Disrupting stress management in cancer cells
The laundry is still undone, the bicycle needs fixing, and bills haven’t been paid yet either. Unfinished tasks cause stress. The same principle applies to our cells. When too many proteins are incorrectly or even mis-folded, they cannot perform their functions and the cell becomes stressed. To cope with such stress, cells have evolved the unfolded protein response (UPR). Once activated by stress in the endoplasmic reticulum (ER) - the protein-producing organelle in the cell - a cascade of protective mechanisms is triggered to restore proper protein folding. One of the most important UPR transducers is IRE1, a protein embedded in the ER membrane. IRE1 is involved in a wide range of diseases, including immune, metabolic, and neuro-degenerative disorders as well as cancer and has thus become a relevant therapeutic target.
Tumors are often described as “wounds that never heal”. This is also due to the fact that cancer cells create a toxic environment, that is acidic, hypoxic and nutrient-deprived. Although this seems counter-productive, it is actually a clever strategy: the hostile-conditions activate evolutionary survival pathways, highjacked and repurposed to support tumor growth and survival.
“It is well known, that the activation of the UPR via IRE1 contributes to the development and progression of most cancers, such as leukemia, glioblastoma, myeloma, breast, and colon cancer. High IRE1 activity is also associated with increasingly poor prognosis”, says the author. Over the past decade, signalling proteins of the UPR have become attractive targets for the development of novel cancer therapies, and a growing toolbox of drug-like molecules is now available. However, many of these compounds have limitations.

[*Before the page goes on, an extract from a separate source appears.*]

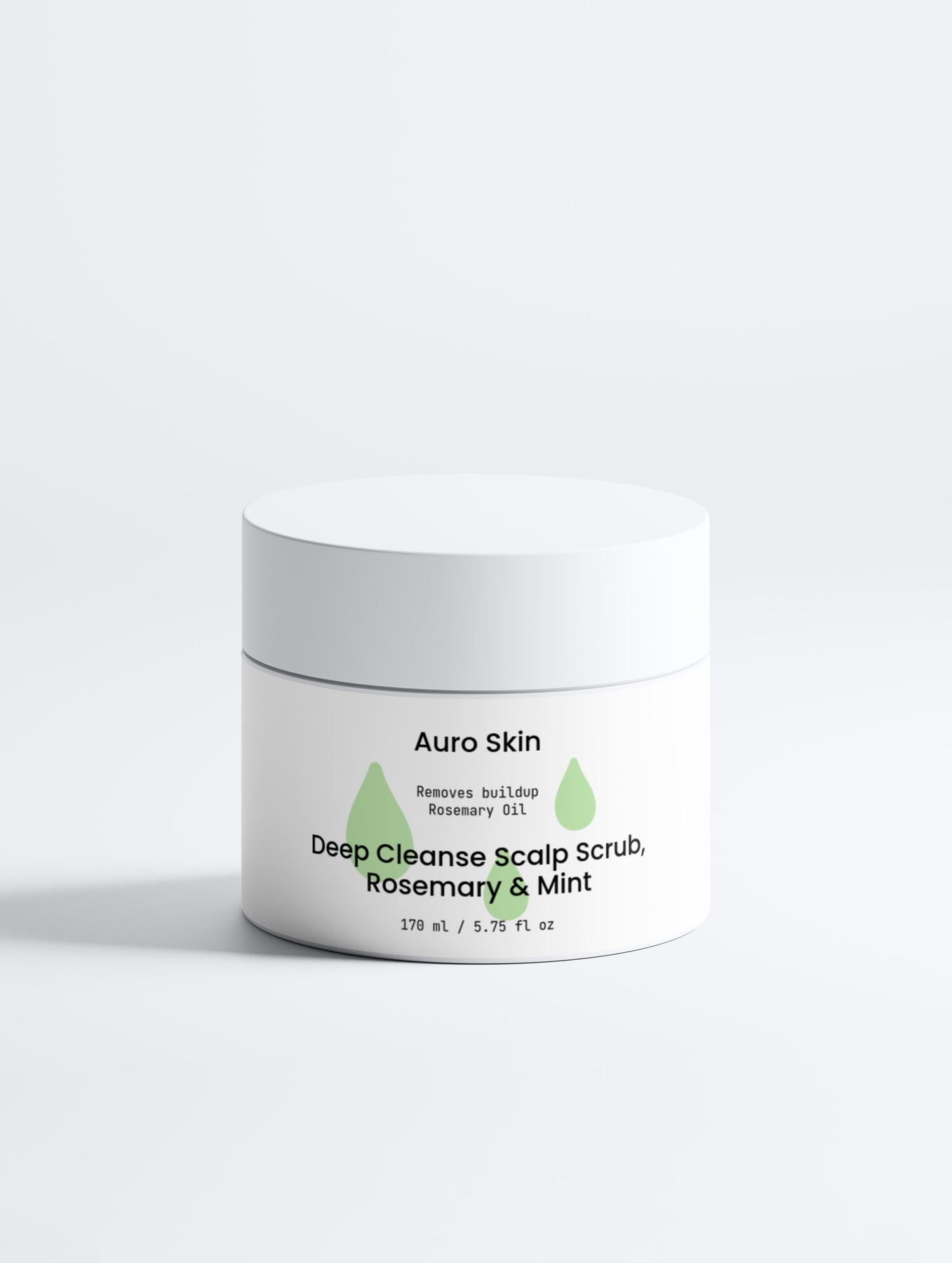Keywords: Deep Cleanse Scalp Scrub, Rosemary & Mint Scalp Scrub, exfoliating scalp treatment, hair detox scrub, natural scalp care, dandruff prevention, invigorating scalp scrub, Auro Skin.

The group has now developed a high-potency IRE1 inhibitor with a unique inhibition mode. First, the researchers developed a robust assay to evaluate the effect of potential IRE1 inhibitors. Using this assay, they screened a library of 10,000 chemically diverse compounds and identified indole-based scaffolds as particularly promising “hits” (such as IA107). Systematic structural optimisation yielded a lead compound that was then characterized biochemically, biophysically, and by its interaction with IRE1.
The researchers report a resolved co-crystal structure that reveals a unique inhibition mode of IA107 that allosterically inhibits IRE1α RNase activity via binding to the IRE1α kinase domain but without inhibiting the IRE1α dimerization.

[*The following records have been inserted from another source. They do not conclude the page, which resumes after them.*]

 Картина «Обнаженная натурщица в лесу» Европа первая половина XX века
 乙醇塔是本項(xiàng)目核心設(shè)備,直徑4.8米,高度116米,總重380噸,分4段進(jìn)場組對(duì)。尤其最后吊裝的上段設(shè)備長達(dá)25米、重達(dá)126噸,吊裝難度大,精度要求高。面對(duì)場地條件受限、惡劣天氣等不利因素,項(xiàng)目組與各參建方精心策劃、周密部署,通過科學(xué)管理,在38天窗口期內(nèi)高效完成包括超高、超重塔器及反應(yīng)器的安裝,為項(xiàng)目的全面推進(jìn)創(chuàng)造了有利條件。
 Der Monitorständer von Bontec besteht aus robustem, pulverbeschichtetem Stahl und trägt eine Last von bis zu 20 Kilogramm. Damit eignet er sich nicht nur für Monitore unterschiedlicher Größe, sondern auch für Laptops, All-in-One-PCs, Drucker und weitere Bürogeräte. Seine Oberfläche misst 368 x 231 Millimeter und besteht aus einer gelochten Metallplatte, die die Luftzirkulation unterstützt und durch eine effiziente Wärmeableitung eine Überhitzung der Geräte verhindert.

They demonstrate that IA107 concentration-dependently inhibits the cellular ER stress-induced XBP1 mRNA splicing, and the ester-containing prodrug exhibits a ~ 50-fold increase in cellular activity.
Our understanding of the unfolded protein response has steadily evolved over the past few decades, and the first drug-like molecules targeting this process have shown promise in preclinical disease models. Yet many of the existing agents suffer from poor pharmacokinetics and cause significant side effects - particularly pancreatic toxicity. It is suspected that certain reactive moieties in these compounds interfere with cellular processes unrelated to IRE1 activity. Furthermore, some inhibitory mechanisms are not yet fully understood.

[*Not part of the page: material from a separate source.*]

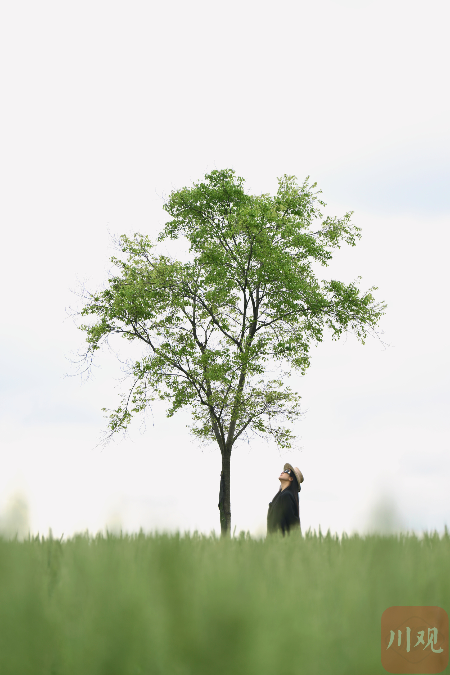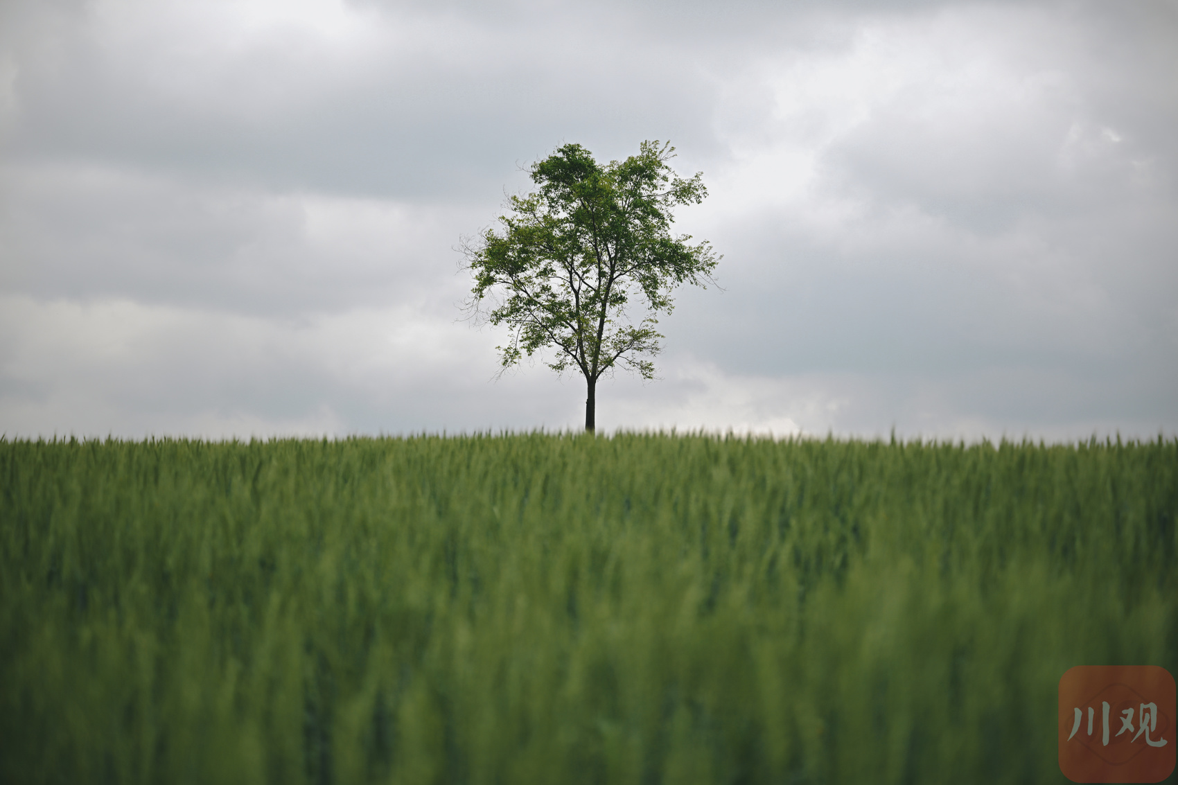 绿色麦田里一棵树

“Structural und functional studies such as ours, which clearly demonstrate the mechanism of action, are of great value and will accelerate the development of next-generation IRE1 inhibitors”, says the author. Such compounds could also serve as research tools to determine which approach to fighting cancer is most suitable in clinical practice and which diseases in humans can be treated most effectively by targeting the unfolded protein response.